Korean streaming platforms Tving and Seezn have announced plans to merge. The consolidation move is seen as a means to counter the dominance of Netflix, which is by far the largest subscription video player in the country.
The move was unveiled in two regulatory filings by KT Studio Genie, the media unit of telecoms operator KT Studio Genie, owner of Seezn, and by CJ ENM, the 57% majority owner of TVing.
More from Variety
The merger is intended to “strengthen the over-the-top (OTT) platform competitiveness within the domestic media and contents industry, and accelerate the growth of K-contents,” KT Studio Genie said.
Tving CEO Yang Ji-eul said the enlarged entity aims to become the world’s No. 1 K-content platform by utilizing the “content production infrastructure and communication technology of both companies.”
TVing is expected to absorb Seezn and become the largest Korean-owned streaming platform. Figures published locally say that the combined entity will have over 5 million subscribers, putting it ahead of the country’s current biggest platform Wavve at 4.23 million. They also report that Netflix has 11.2 million subscribers in Korea.
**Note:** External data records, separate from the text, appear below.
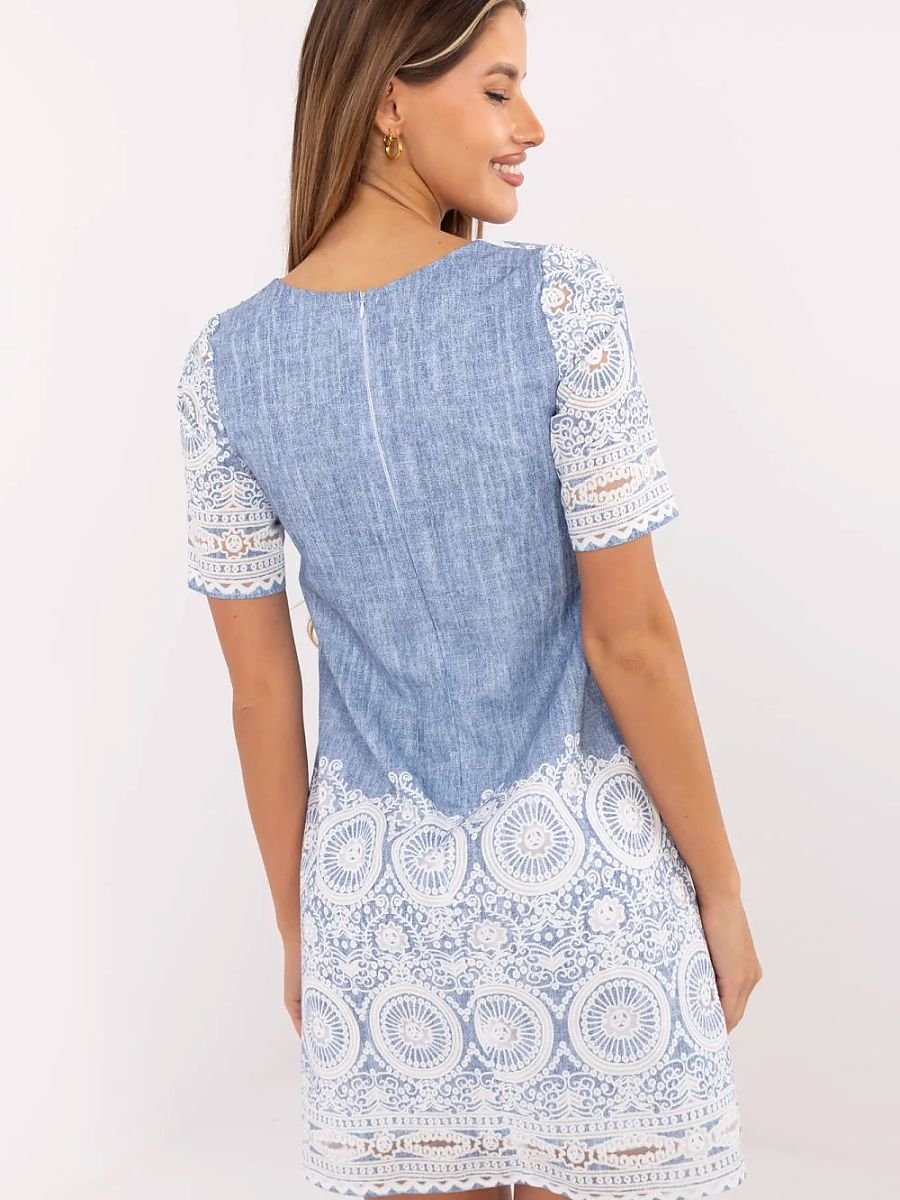 Elegancka sukienka z subtelnym nadrukiem w dolnej części oraz na rękawach to doskonała propozycja na wizytowe okazje i stylowe stylizacje do pracy. Wykonana z dominującego lnu, zapewnia naturalną przewiewność i komfort noszenia, a jednocześnie prezentuje się wyjątkowo szykownie. Model o długości przed kolano z krótkim rękawem i klasycznym, okrągłym dekoltem tworzy zrównoważoną i elegancką sylwetkę. Sukienka została wyposażona w praktyczne zapięcie na kryty zamek, co ułatwia zakładanie i podkreśla estetyczne wykończenie całości. Dodatkowym atutem jest podszewka, która zwiększa komfort i zapobiega prześwitywaniu materiału. Dekoracyjny nadruk dodaje sukience charakteru, zachowując jednocześnie elegancki, stonowany styl. To idealna propozycja dla kobiet ceniących jakość, klasę i subtelne detale.
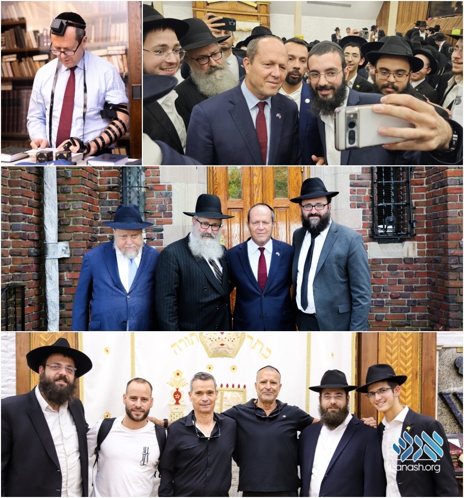 He then went down to the large zal to be shown around. Being one of the most influential individuals in Israeli politics today, he was instantly recognized by many visiting Israelis, who snapped selfies with him and greeted him.
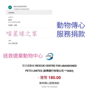 動物傳心服務捐款,按客戶意向捐款$180元正拯救遺棄動物中心

Figures from other sources differ substantially, suggesting a different methodology, though the ranking of the competing services remains similar. Independent media consultancy, Media Partners Asia reported that at the end of 2021, there were 14.1 million paid-for video subscriptions in Korea and that of those Netflix accounted for 33% or 4.7 million. The same report credited Wavve with 19% of the market (2.68 million subscribers) and TVing with 18% (2.53 million).
Tving reported an annual operating loss of KRW208 billion won ($159 million) last year. Seezn had operating profit of KRW2.5 billion ($1.91 million) in 2021.
Merger benefits are being touted as including savings on marketing costs and an expanded pool of subscribers that include KT’s 14 million cell phone clients. TVing was last year reported to have spent KRW18 billion ($13.8 million) on marketing.
The move follows CJ ENM’s investment of KRW100 million ($77 million) into Studio Genie last year and the more recent launch of Paramount+ in Korea as an adjunct to TVing. In order to boost its content capacity, CJ ENM has also bought control of U.S. TV production giant Endeavor Content and recently launched a third TV production hub.
The streaming market in Korea remains highly competitive with Disney+ making a strong debut, local Amazon-like service Coupang Play making headway, and Apple TV+ also launched in the country. But the Korean streaming sector could become still tighter if Warner Bros Discovery finally goes ahead with the launch of HBO Max in the country or if Amazon makes a more substantial move.